Radioligand binding assays with membrane preparations to determine binding affinity were carried out as outlined before540 and by the National Institute of Mental Health’s Psychoactive Drug Screening Program (NIMH PDSP) (https://pdsp.unc.edu/), Contract # HHSN-271–2013–00017-C. The NIMH PDSP is Directed by B.L.R. at the University of North Carolina at Chapel Hill, Chapel Hill, NC, and Project Officer Jamie Driscoll at NIMH, Bethesda, MD.

Gi-Mediated cAMP Production (GloSensor cAMP) Assays

HEK293 T cells were used for transient transfections and Gi mediated cAMP production assays. Assays were performed according to published procedures (PMID25895059, PRESTO-Tango paper). More detailed assay protocols are available at NIMH PDSP Web site (http://pdspdb.unc.edu/pdspWeb/?site=assays).

Gq-Mediated Calcium Release (FLIPR) Assays

CHO cells stably expressing human M3Dq receptors were used for Gq-mediated calcium release assays. Assays were performed according to published procedures (PMID25895059, PRESTO-Tango paper). More detailed assay protocols are available at NIMH PDSP Web site (http://pdspdb.unc.edu/pdspWeb/?site=assays).

GPCRome Screening (PRESTO-Tango) Assays

Potential agonist activity at human GPCRome was measured using the PRESTO-Tango assay as published (PMID25895059, PRESTO-Tango paper) with modifications. Briefly, HTLA cells were plated in 384-well white plates overnight and transfected with receptor tango constructs (15 ng/well) for 24 h. Transfected cells were then incubated with compounds in DMEM supplemented with 1% dialyzed FBS for 18 h. Medium and compound mixture were removed, and BrightGlo reagents (Promega) were added to determine luciferase reporter activity. The assay was designed so that each receptor construct had 4 replicate wells for testing drug and 4 replicate wells for medium (vehicle) control.
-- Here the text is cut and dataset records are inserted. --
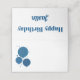 Kort med tre ballonger i blått. I utformningen ingår ord "Grattis på födelsedagen" och namn. Alla ord kan anpassas.
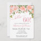 Convites de 60º aniversário florais cor-de-rosa - festa 'olá 60!' com fundo branco e belo impressão que você pode personalizar com toda a sua informação festa de aniversário. com cor de pêssego e rosa - elegante.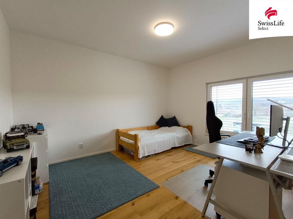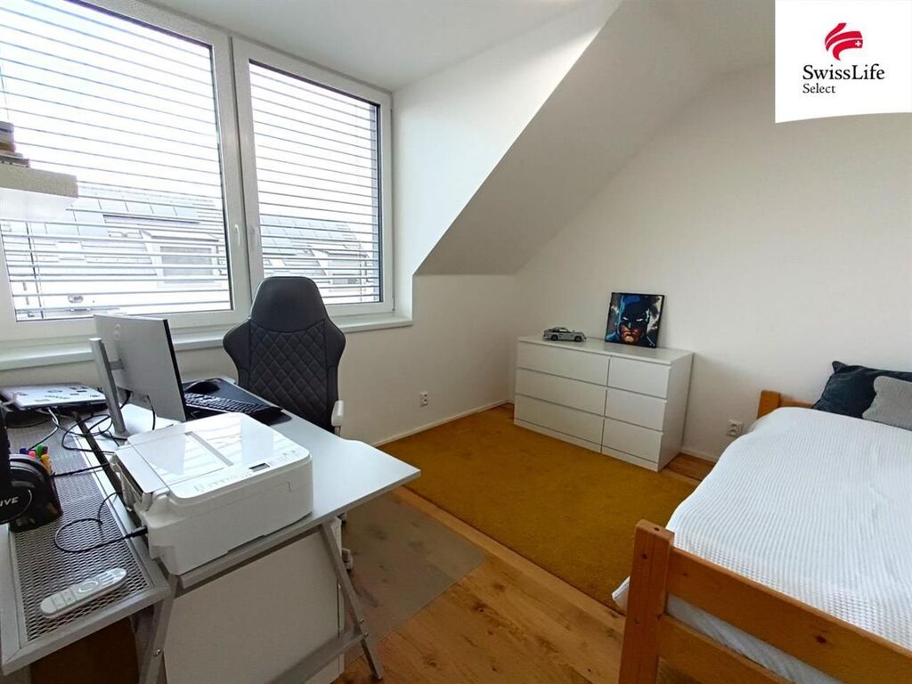 Na patře se nacházejí 2 menší ložnice, hlavní ložnice, šatna a rodinná koupelna. Přístupná půda pak poskytuje dostatek úložného prostoru.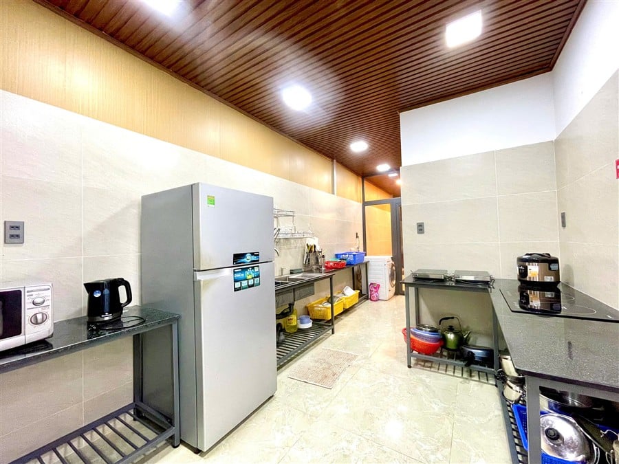 Bếp đầy đủ dụng cụ nấu ăn, gia vị cơ bản, lò nướng, bàn ghế ăn uống
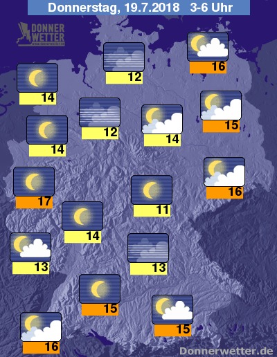 In der Nacht zum Donnerstag zeigt sich der Himmel über weiten Landesteilen sternenklar. Im Osten und Nordosten halten sich aber weiterhin oft einige und vor allem in der ersten Nachthälfte auch noch meist dichte Wolken, dazu bleibt es trocken. Die Temperatur sinkt auf 17 Grad in Bonn und bis 11 Grad im Eichsfeld.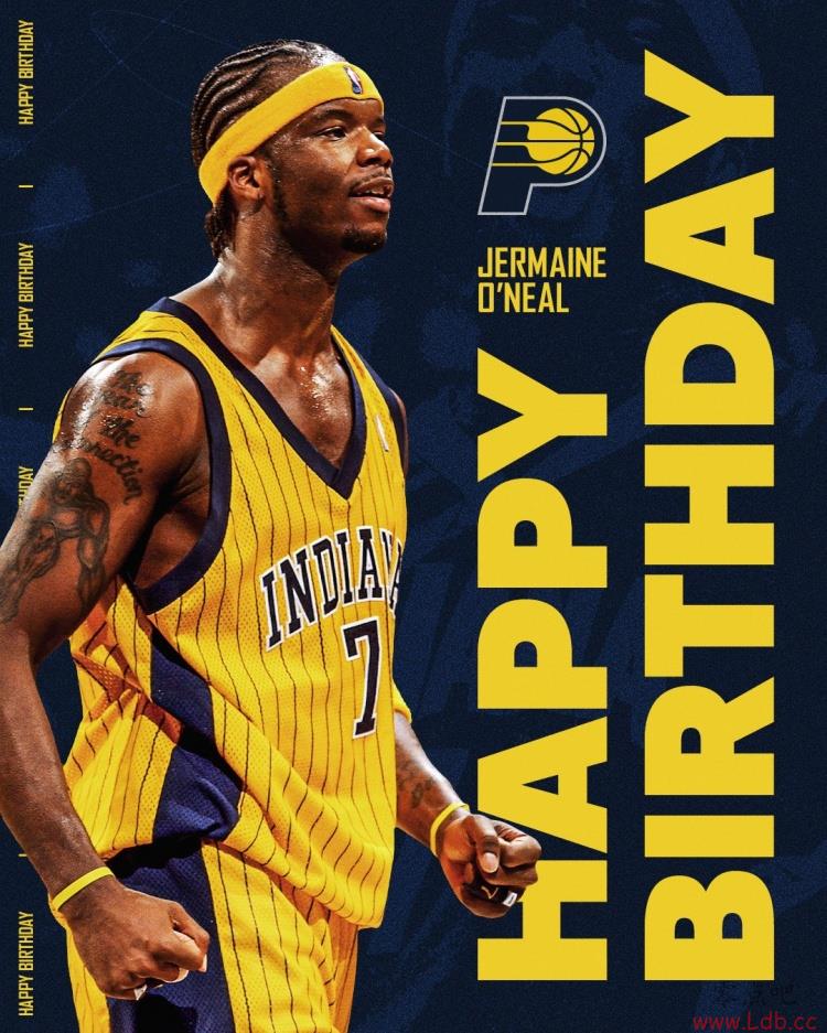 今天是步行者名宿杰梅因-奥尼尔(小奥尼尔)的47岁生日,步行者官方也在第一时间送上生日祝福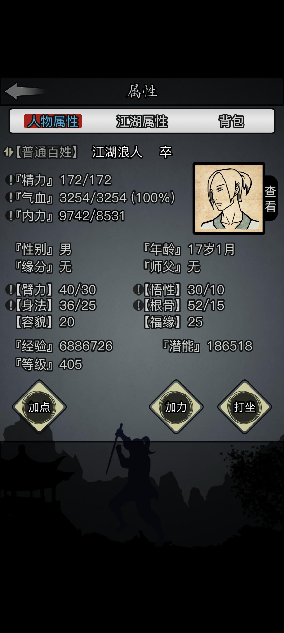前段时间突然想要开一个新号,于是决定要不就玩一下五世散人。立此贴为起点,督促自己坚持下去!其实接触这游戏蛮久了,我是当年小程序玩家(没错,放置江湖出过小程序版本),当时玩到三转就关服了,也没要退款,而是移植到新服,后来玩了几天不想玩了就给YES了。所以,算是弥补当年的遗憾,也算是重新拾起初入江湖时的热情。零转!零氪!六世散人!从这里开始!从今天开始我会以至少三天一更新的速度发布此角色的进
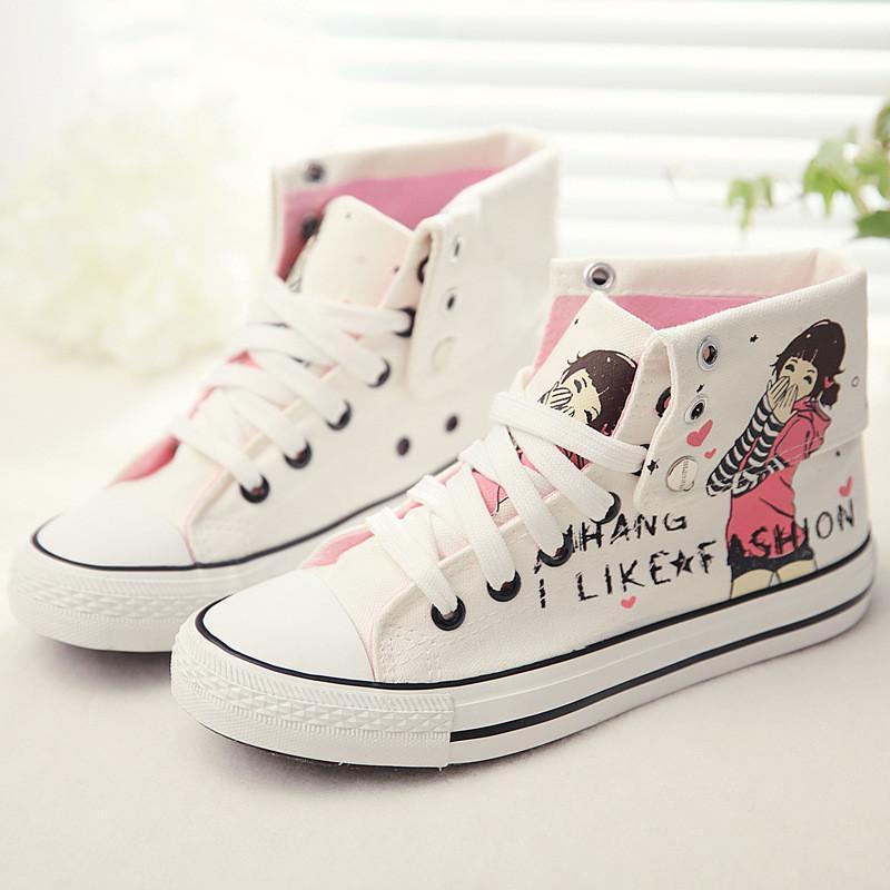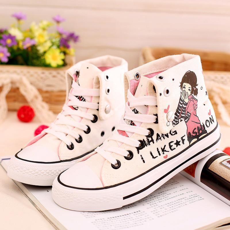 Sweet Hand-Painted Lace Up Canvas Sneakers

Results were represented in the form of fold over average basal (vehicle control) for each receptor. Dopamine receptor DRD2 is used as an assay control with 100 nM Quinpirole in each assay plate. Most receptors showed activity from 0.5- to 2.0-fold of basal level. Follow-up assays are usually not planned for observed activity with less than 3.0-fold of basal level.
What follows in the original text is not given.